Everything from the line with "Elude shifty springtime" down to the line with "提供幻灯片背景图像的快速编辑" below must be printed exactly, those two lines included. Exclude pictures.
EXCERPTED DATA: Begin
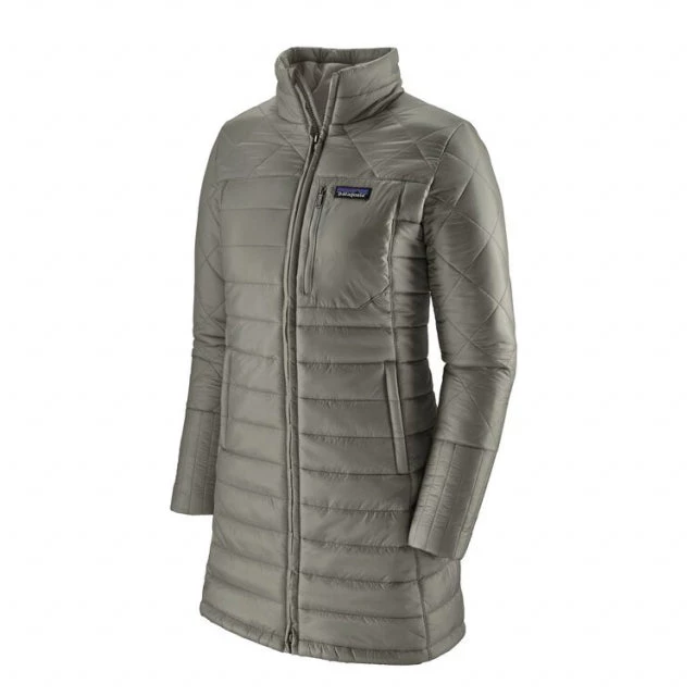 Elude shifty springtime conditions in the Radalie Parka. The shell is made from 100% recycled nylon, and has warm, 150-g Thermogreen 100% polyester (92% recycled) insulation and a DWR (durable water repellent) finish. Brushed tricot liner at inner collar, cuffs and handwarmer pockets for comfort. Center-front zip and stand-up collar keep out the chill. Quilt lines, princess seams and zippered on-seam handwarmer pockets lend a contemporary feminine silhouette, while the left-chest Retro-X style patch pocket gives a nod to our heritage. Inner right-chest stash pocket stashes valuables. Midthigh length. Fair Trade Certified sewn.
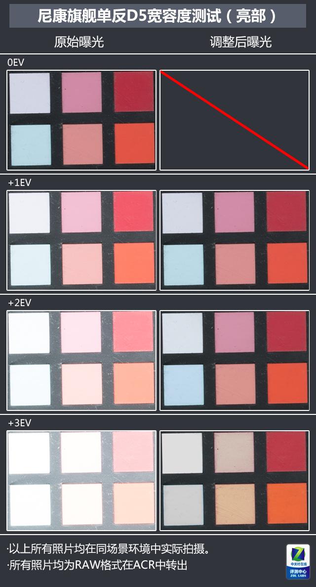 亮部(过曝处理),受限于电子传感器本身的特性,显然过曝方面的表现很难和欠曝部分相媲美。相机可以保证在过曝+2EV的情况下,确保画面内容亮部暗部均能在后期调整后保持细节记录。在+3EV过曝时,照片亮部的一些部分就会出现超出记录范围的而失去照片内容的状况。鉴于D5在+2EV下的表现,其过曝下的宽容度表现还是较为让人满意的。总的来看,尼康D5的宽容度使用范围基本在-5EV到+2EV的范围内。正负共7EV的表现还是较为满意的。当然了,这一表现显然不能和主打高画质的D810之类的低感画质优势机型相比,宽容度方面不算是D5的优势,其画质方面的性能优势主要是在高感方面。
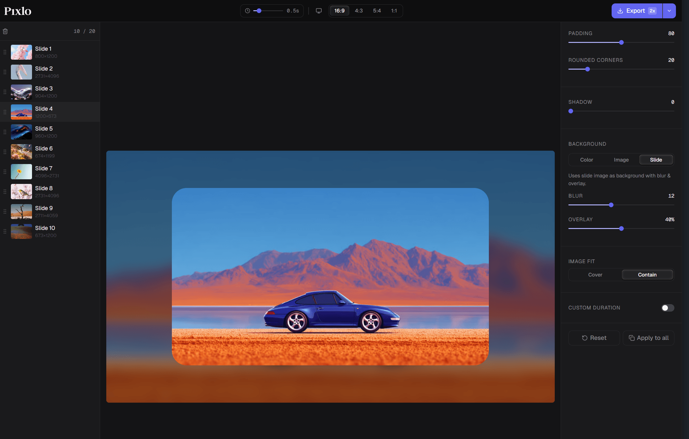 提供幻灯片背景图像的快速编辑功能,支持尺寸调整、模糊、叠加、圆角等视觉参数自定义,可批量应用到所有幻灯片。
EXCERPTED DATA: End
EXCERPTED DATA: Begin
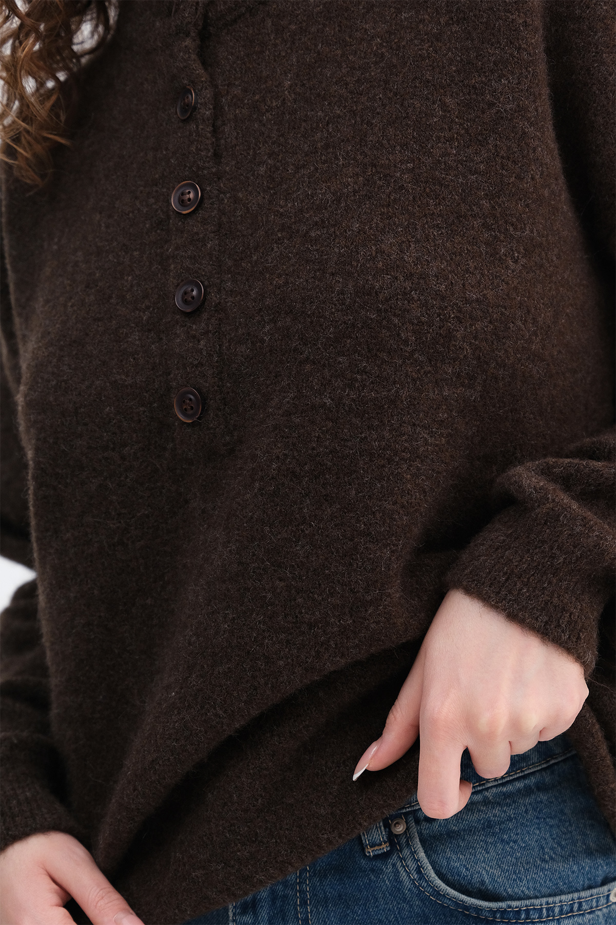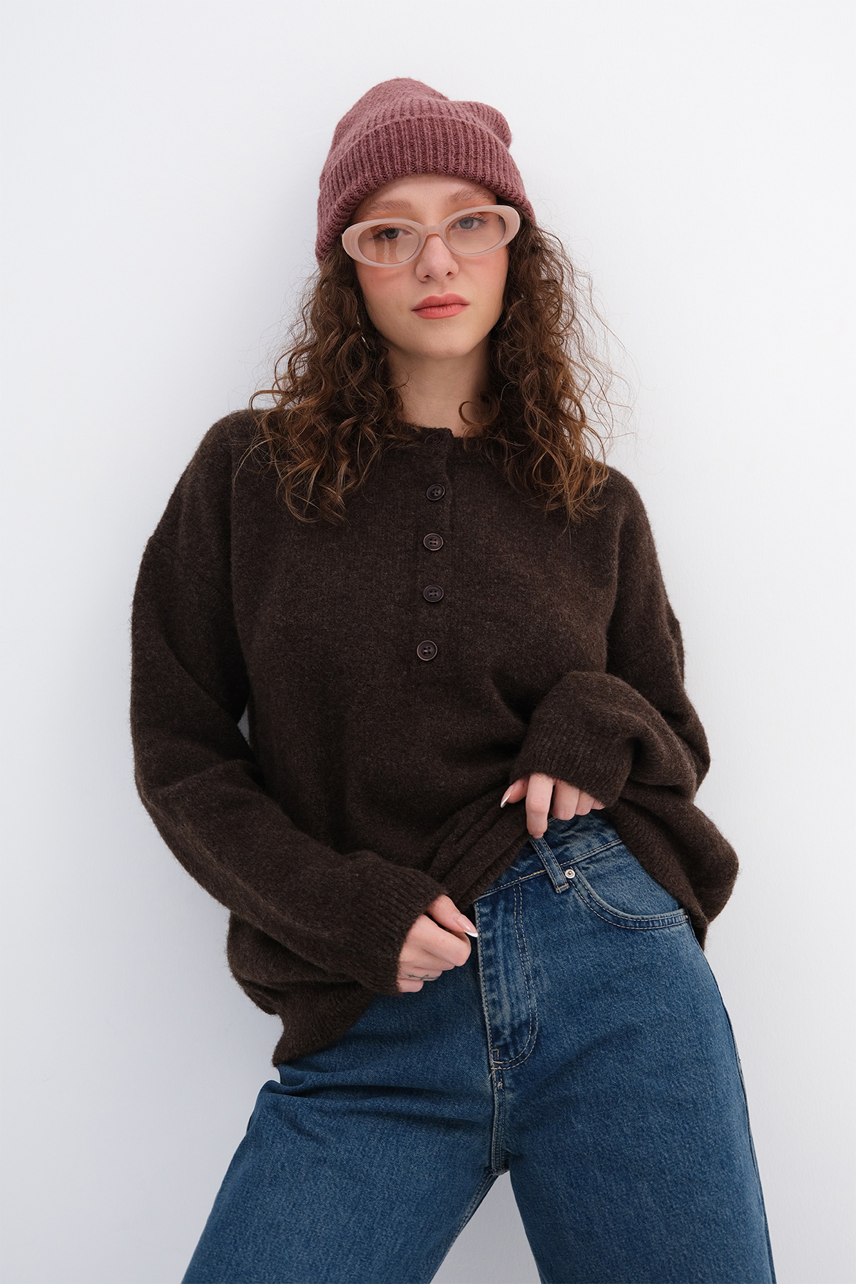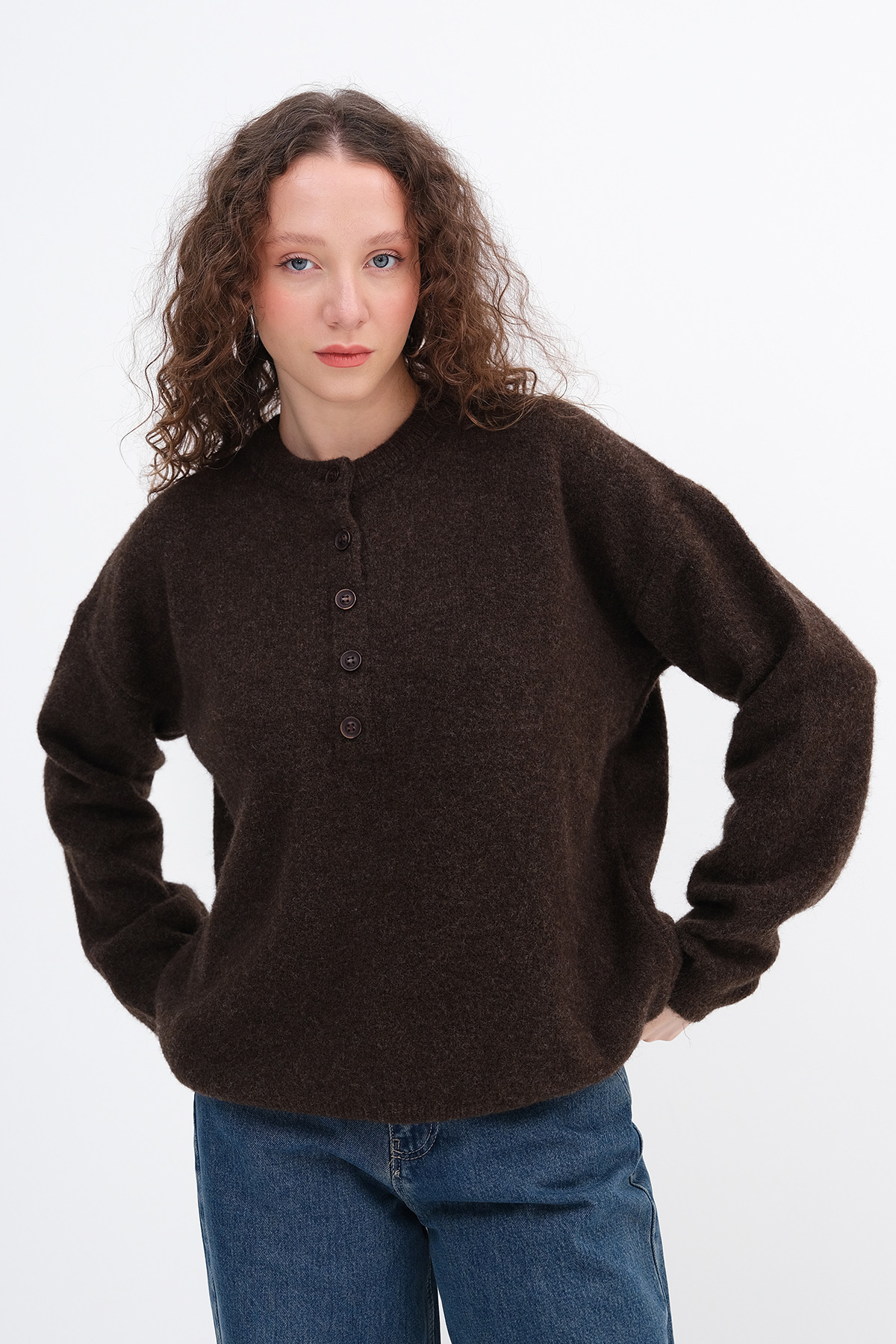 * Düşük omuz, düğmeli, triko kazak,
EXCERPTED DATA: End
• _FINISHED TASK_:
 Elude shifty springtime conditions in the Radalie Parka. The shell is made from 100% recycled nylon, and has warm, 150-g Thermogreen 100% polyester (92% recycled) insulation and a DWR (durable water repellent) finish. Brushed tricot liner at inner collar, cuffs and handwarmer pockets for comfort. Center-front zip and stand-up collar keep out the chill. Quilt lines, princess seams and zippered on-seam handwarmer pockets lend a contemporary feminine silhouette, while the left-chest Retro-X style patch pocket gives a nod to our heritage. Inner right-chest stash pocket stashes valuables. Midthigh length. Fair Trade Certified sewn.
 亮部(过曝处理),受限于电子传感器本身的特性,显然过曝方面的表现很难和欠曝部分相媲美。相机可以保证在过曝+2EV的情况下,确保画面内容亮部暗部均能在后期调整后保持细节记录。在+3EV过曝时,照片亮部的一些部分就会出现超出记录范围的而失去照片内容的状况。鉴于D5在+2EV下的表现,其过曝下的宽容度表现还是较为让人满意的。总的来看,尼康D5的宽容度使用范围基本在-5EV到+2EV的范围内。正负共7EV的表现还是较为满意的。当然了,这一表现显然不能和主打高画质的D810之类的低感画质优势机型相比,宽容度方面不算是D5的优势,其画质方面的性能优势主要是在高感方面。
 提供幻灯片背景图像的快速编辑功能,支持尺寸调整、模糊、叠加、圆角等视觉参数自定义,可批量应用到所有幻灯片。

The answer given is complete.